An NCPA fellow has predicted that an increase in insurance premiums is likely to happen. | Courtesy of Shutterstock
+ Regulatory
Kerry Goff | Feb 3, 2016

NCPA fellow predicts spike in insurance premiums due to unsustainable operations

Anthem Inc. recently predicted a rise in insurance premiums for 2017 due to many insurance companies underpricing their policies or not making enough of a profit to sustain operations.

The National Center for Policy Analysis (NCPA) sees these predictions as inevitable, with taxpayers being affected the most.

“I believe insurance rates will continue to rise,” Dr. Devon Herrick, senior fellow at NCPA, recently told Patient Daily. “All the insurers report people gaming the system -- using special enrollment periods to wait to sign up until they need care, only to drop once they’ve received care.”

Herrick explained that, according to an Aetna report, those who enroll during open enrollment tend to stay only eight or nine months on average, while those using special enrollment periods stay half that long.

“No risk pool can withstand this type of activity,” he said.

With regard to subsidies for those with limited incomes, a rise in premium costs would directly affect the taxpayer.

“The subsidies in the exchange are already designed to be open-ended,” Herrick said. “Subsidies are not a fixed-dollar credit. Rather, the ACA caps premiums at a specific level of income. As a result, almost all of the premium increases for those receiving subsidies are borne by taxpayers.”

Herrick warned that the effects of these rising rates will primarily encourage healthier people to drop coverage -- or avoid the exchange all together.

“The trouble with this idea is that people tend to resist when they’re expected to pay $100, $200 or even $300 more per month for coverage that they don’t perceive as having any benefit,” he told Patient Daily

Herrick went on to explain that many experts had predicted these cost increases, which were caused by exchange plans predicated on the idea of forcing young, healthy people to overpay so older, less healthy people get a larger subsidy.
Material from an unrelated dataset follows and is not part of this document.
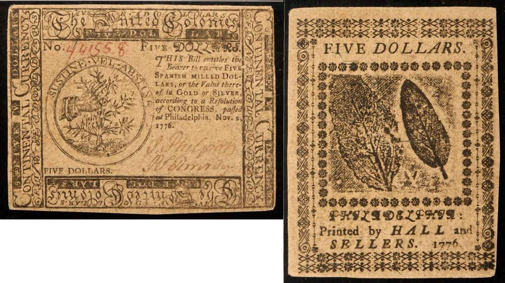 Continental Currency. CC-50, November 2, 1776. Five Dollars. PMGChoice AU50. Nicely inked
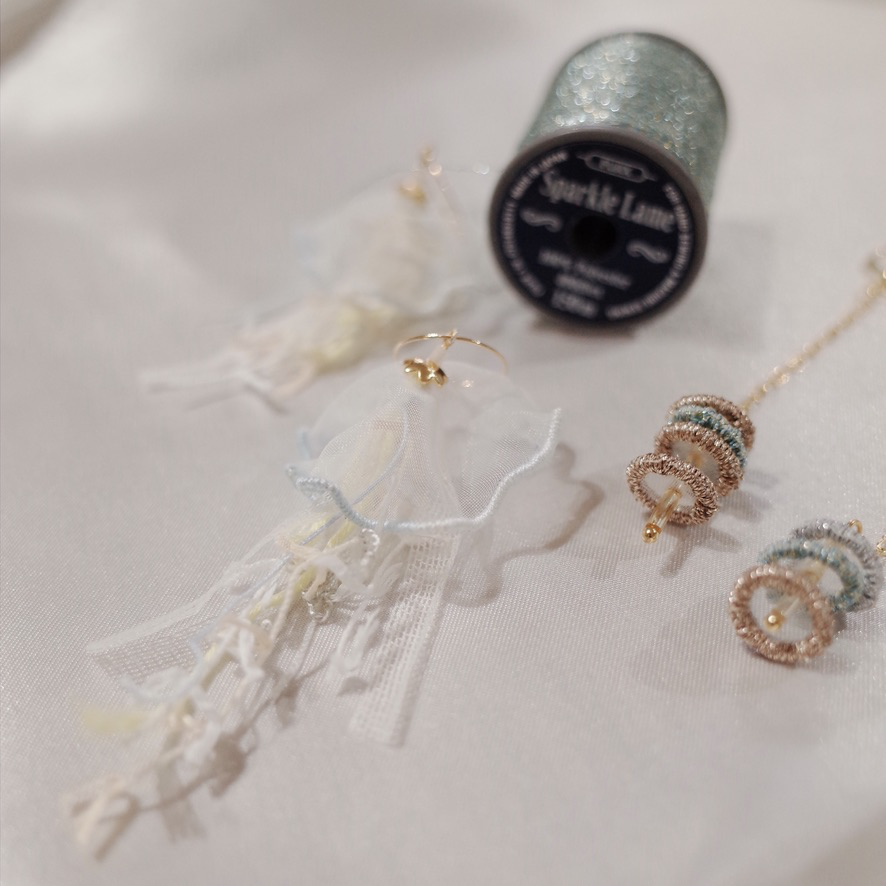 - 以及關於歐根紗刺繡與製作成飾品耳環的小訣竅

“Currently, less than one in five are people paying the full cost of their coverage,” Herrick said. “About 83 percent of exchange enrollees are those receiving subsidies. Some of the people paying the full cost may be less healthy than average and find any coverage to be better than nothing. But it appears the exchange is turning into a high-risk pool for people who are sicker than average.”

Herrick continued by stating that good health tends to be correlated to wealth. Therefore, the type of people who find exchange policies to be a good deal -- either because they are sick or because they’re getting a large subsidy -- are not the type of customer the exchange plans need to survive.

“This adverse selection is likely to continue until the system collapses and no insurers want to sell coverage in the exchange,” he told Patient Daily.